[GIVEN MATERIAL]

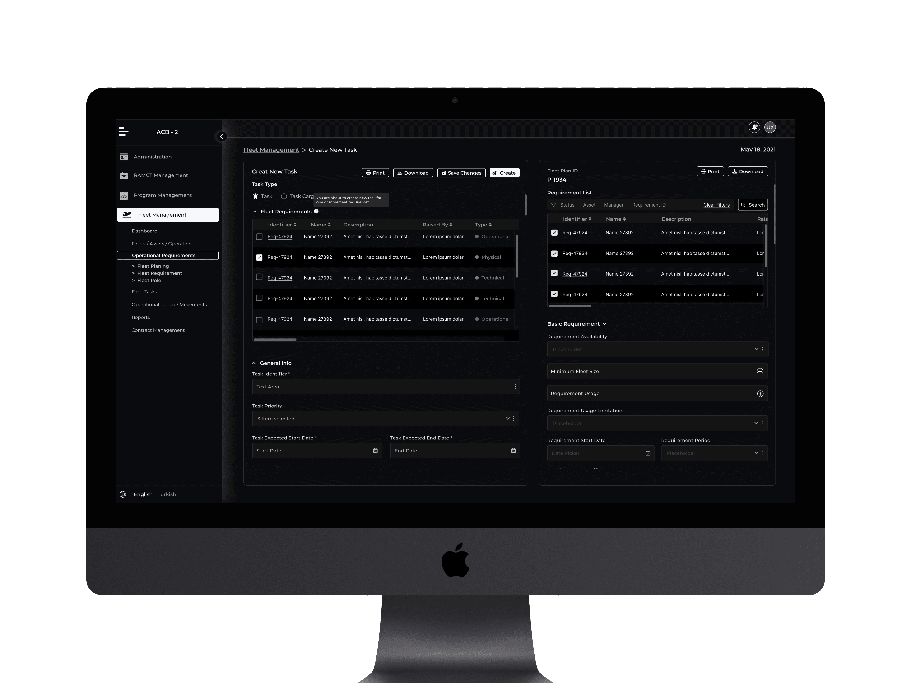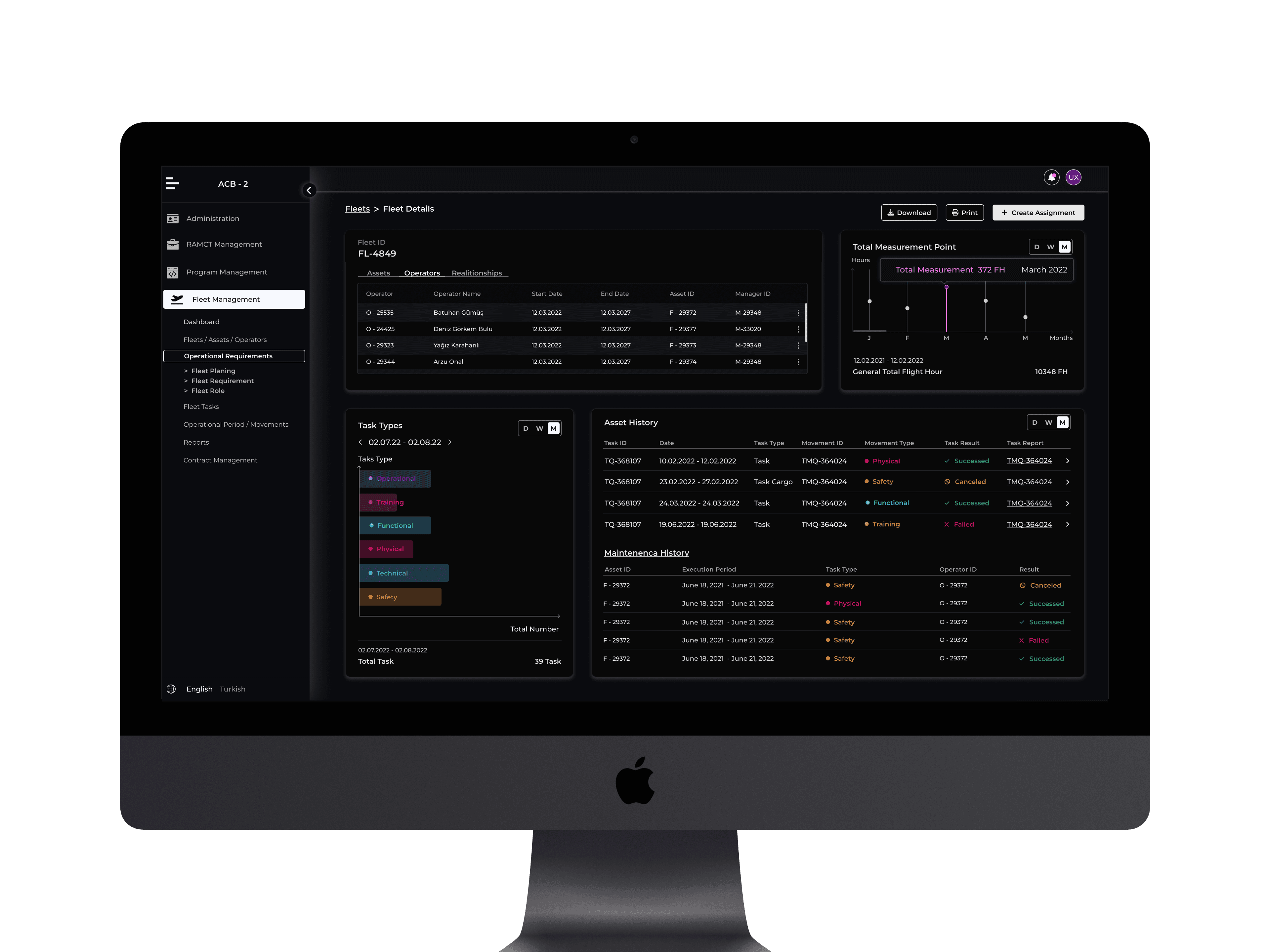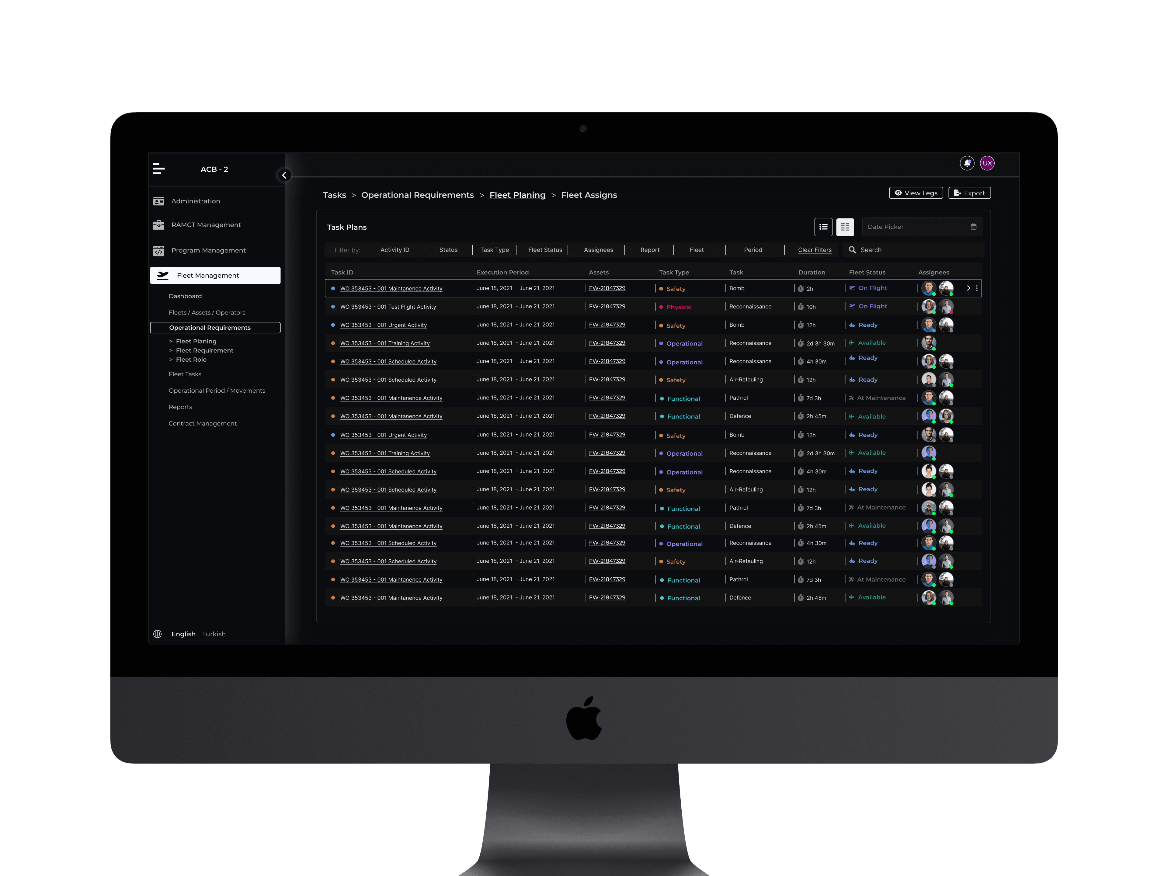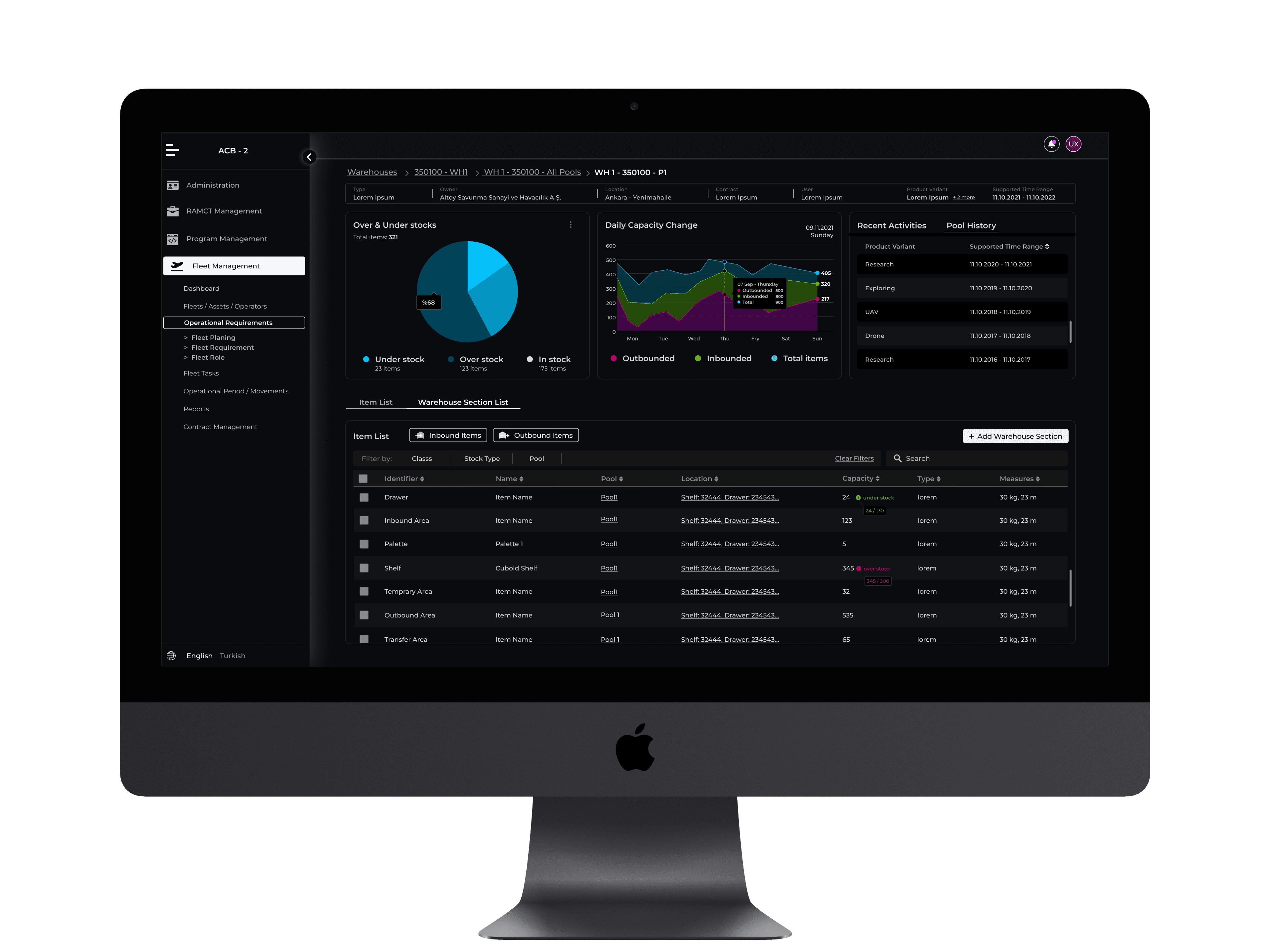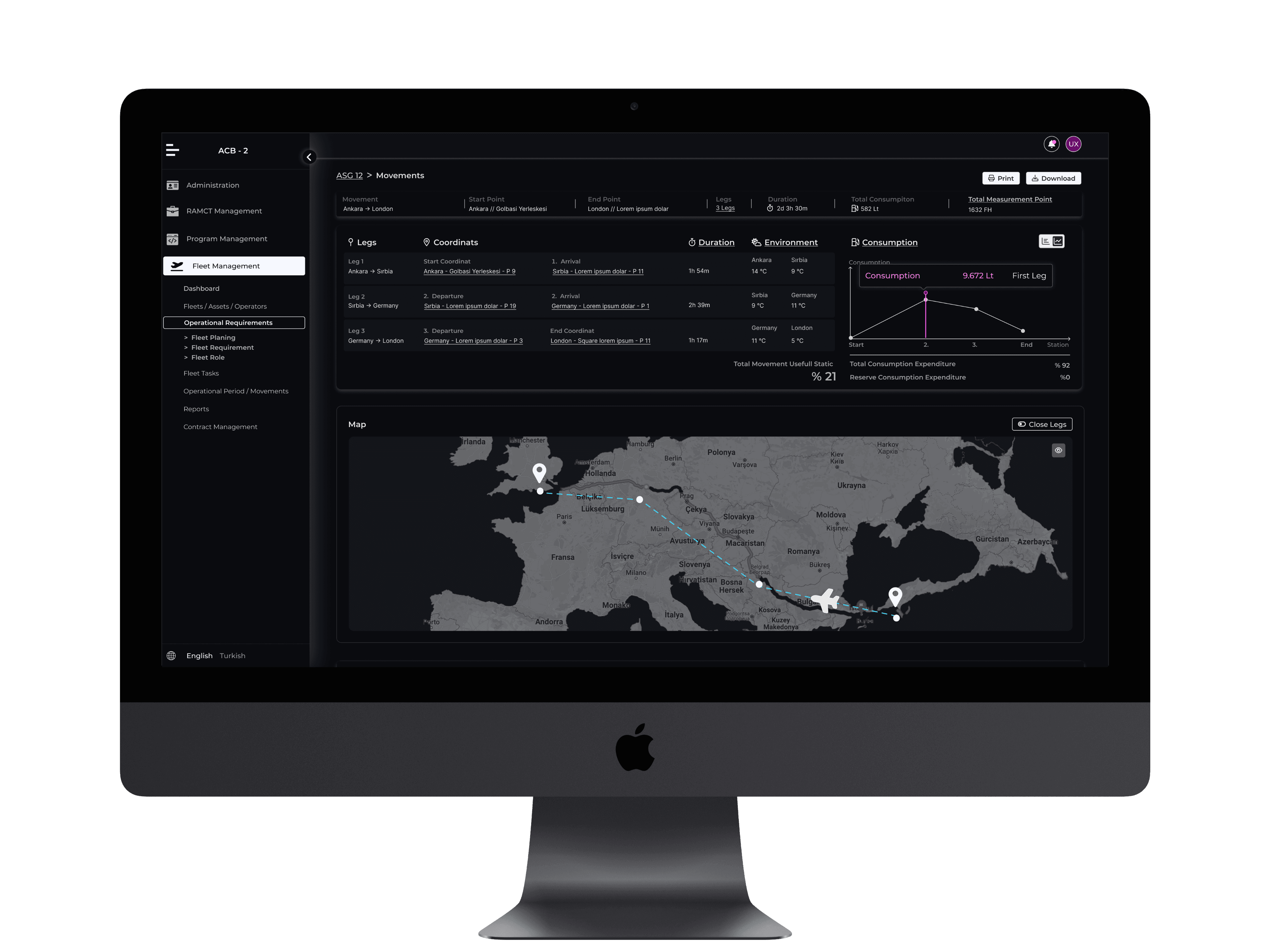 In modern military and civil logistic operations, the secure, fast, and efficient transportation of ammunition, equipment, fuel, first aid, and essential supplies by cargo aircraft is of critical importance. This project aims to design a user-friendly fleet management system that optimizes the management of logistic cargo vehicle.
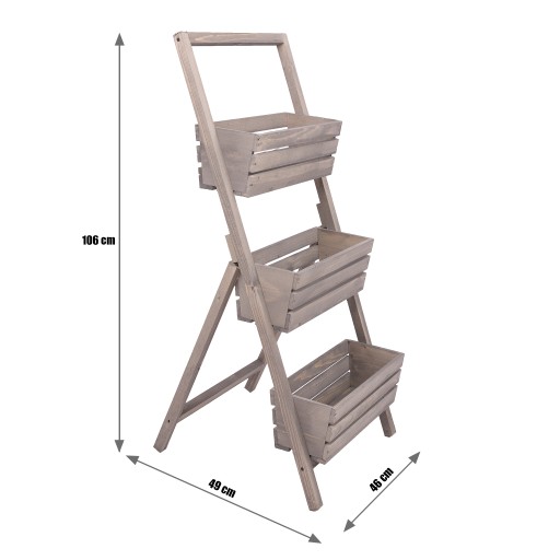 Kwietnik drewniany kaskadowy na 3 donice w kolorze szarym to nowoczesny, elegancki i funkcjonalny element dekoracyjny, który zachwyca swoim wyglądem i uniwersalnym zastosowaniem.
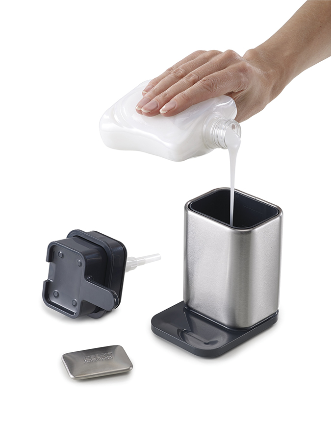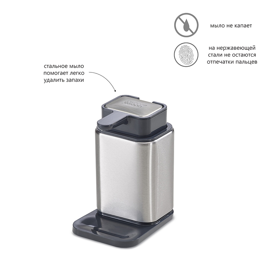 Стальное мыло помещается , ,в верхнюю часть емкости и не требует дополнительного места возле раковины. В нескользящей основе диспенсера предусмотрен выступ для капель из носика. Все предметы коллекции изготовлены из пластика с отделкой из стали класса SS430, хорошо известной своими антикоррозийными свойствами.

[/GIVEN MATERIAL]

EXERCISE BRIEF: The data above should be set down again exactly, with the pictures omitted.

RESPONSE BOX:
 In modern military and civil logistic operations, the secure, fast, and efficient transportation of ammunition, equipment, fuel, first aid, and essential supplies by cargo aircraft is of critical importance. This project aims to design a user-friendly fleet management system that optimizes the management of logistic cargo vehicle.
 Kwietnik drewniany kaskadowy na 3 donice w kolorze szarym to nowoczesny, elegancki i funkcjonalny element dekoracyjny, który zachwyca swoim wyglądem i uniwersalnym zastosowaniem.
 Стальное мыло помещается , ,в верхнюю часть емкости и не требует дополнительного места возле раковины. В нескользящей основе диспенсера предусмотрен выступ для капель из носика. Все предметы коллекции изготовлены из пластика с отделкой из стали класса SS430, хорошо известной своими антикоррозийными свойствами.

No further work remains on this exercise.